30km hinter Alexandroupolis befindet sich die türkische Grenze. Unsere erste „richtige“ Grenze, denn wir verlassen mit Griechenland ebenfalls die Europäische Union. Zudem sollen sich laut den Nachrichten tausende Flüchtlinge im Grenzgebiet aufhalten, denn die Türkei hat ihre Seite der Grenze vor wenigen Tagen geöffnet. Angespannt und sichtlich nervös fahren wir langsam neben den LKWs vorbei zu den griechischen Wachposten. Eine Frau und ein Mann kommen uns entgegen.
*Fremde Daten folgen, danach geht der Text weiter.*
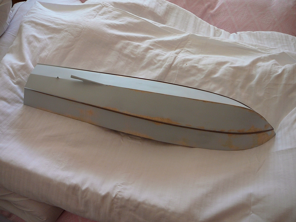 Po vybroušení a lehkém vytmelení jsem nechal trup odležet a v mezičase jsem si zajistil silný modelspan a lepící lak. Lak jsem naředil v poměru 1:1 s ředidlem a celý trup několikrát napustil. Mezi jednotlivými vrstvami laku jsem vždy lehce brousil. Pak jsem trup polepil modelspanem, celkem šesti díly: paluba, záďové zrcadlo, boky a dvě části dna, vše s dostatečným přesahem na zahnutí přes hrany. Potom opět broušení a několikeré lakování s broušením mezi vrstvami. Potom přišel na řadu základní nátěr a přebroušení (Obr. 05).
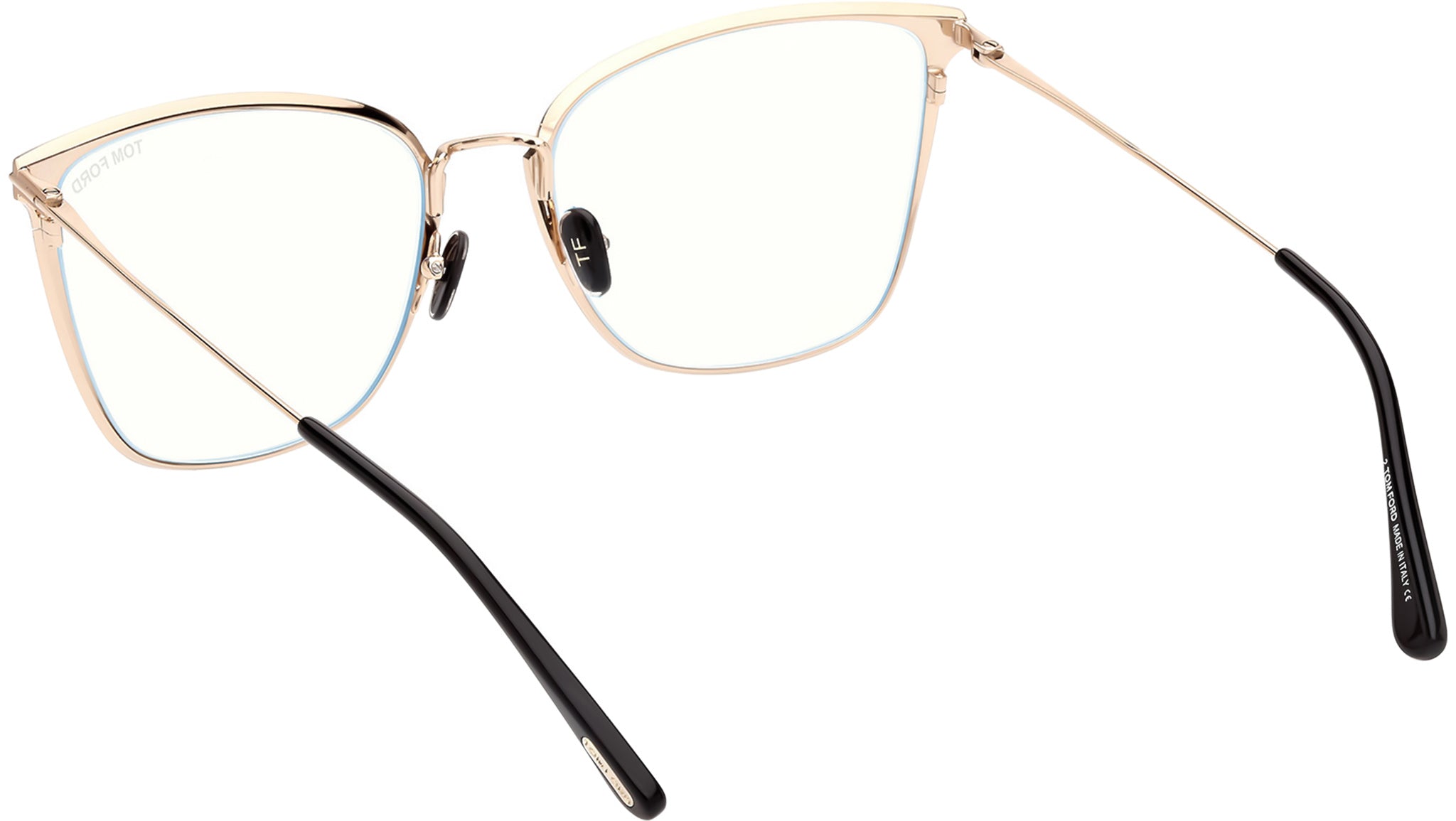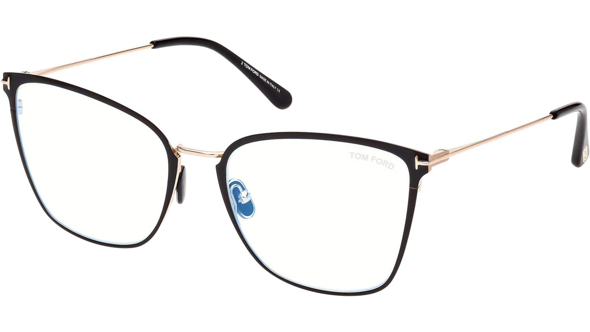 Occhiali da vista Tom Ford donna modello FT5839-B in metallo colore 001 nero / oro rosa lucido con lenti demo. Codice brand: FT5839. Codice colore: 001. Rivenditore autorizzato Tom Ford online. Gli occhiali vengono consegnati con custodia e accessori originali e sono coperti da garanzia standard di 12 mesi del produttore.
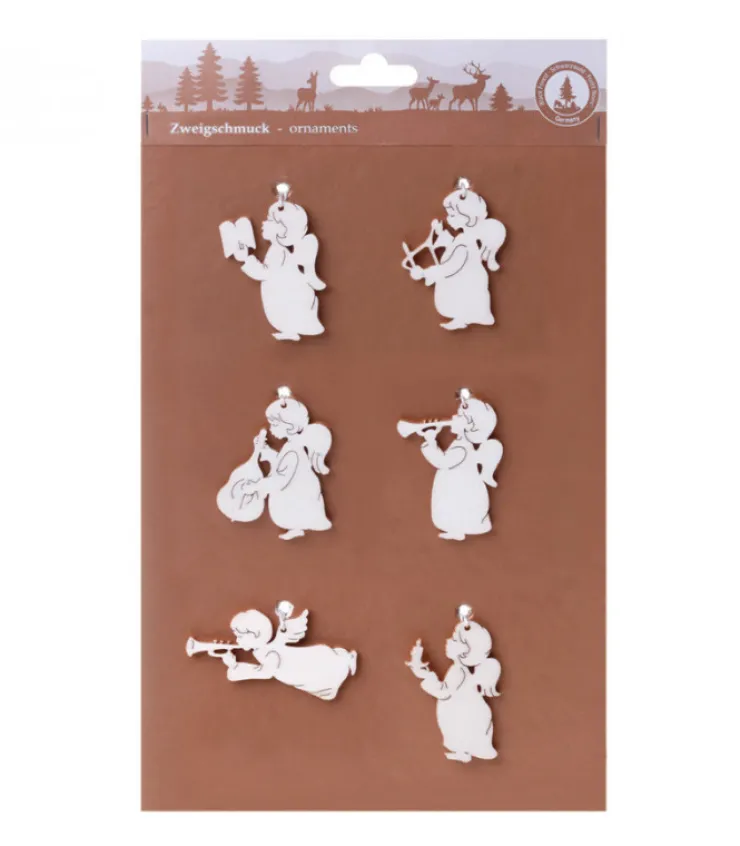 Ensemble De 6 Pendentifs Pour Décorations Sapin, En Bois De Peuplier.Motif : Petits Anges Dans Differentes Situations.F…
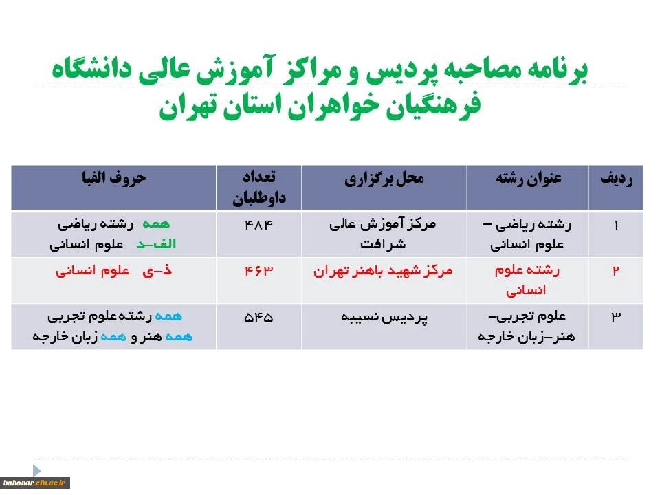 برنامه مصاحبه پردیس و مراکز آموزش عالی دانشگاه فرهنگیان خواهران استان تهران 3

Verägert rufen sie uns zu: „Don’t think they let you.“ Wir sind irritiert. Hat Griechenland nun die Grenze zur Türkei geschlossen? Wir erreichen den ersten Wachposten. „Passports, please.“ Wir reichen die Pässe, ein kurzer Check und wir dürfen weiter. Das war einfach. Wir folgen der Straße und überqueren den Fluss Mariza, der die Grenze physisch zwischen der Türkei und Griechenland markiert. Eine Gruppe aus bewaffneten Soldaten mit Hunden steht am Ende der Brücke, winkt uns jedoch durch. Am ersten Grenzposten der Türkei werden abermals unsere Pässe verlangt. „Where do you want to go? Why do you want to travel?” Ich beantworte die Fragen. Dennoch fragt der Beamte nochmals nach, mit dem Zusatz: Corona. „We’re not scared,“ ist meine Antwort. Wir dürfen weiter. Der zweite Grenzposten der Türkei nimmt unsere weiteren Dokumente wie die Versichertenkarte des Autos (Greencard) und den Fahrzeugschein entgegen. Ein flüchtiger Blick ins Auto und wir dürfen in die Türkei einreisen. Tatsächlich sehen wir auf der türkischen Seite vereinzelt Flüchtlinge. Das Bild, dass die Medien beschriebe haben, finden wir jedoch nicht vor. Alles ist ruhig und sicher. Die Sorgen waren zum Glück umsonst und langsam lässt die Anspannung nach. Wir realisieren langsam, dass wir es geschafft haben. Wir sind endlich in der Türkei!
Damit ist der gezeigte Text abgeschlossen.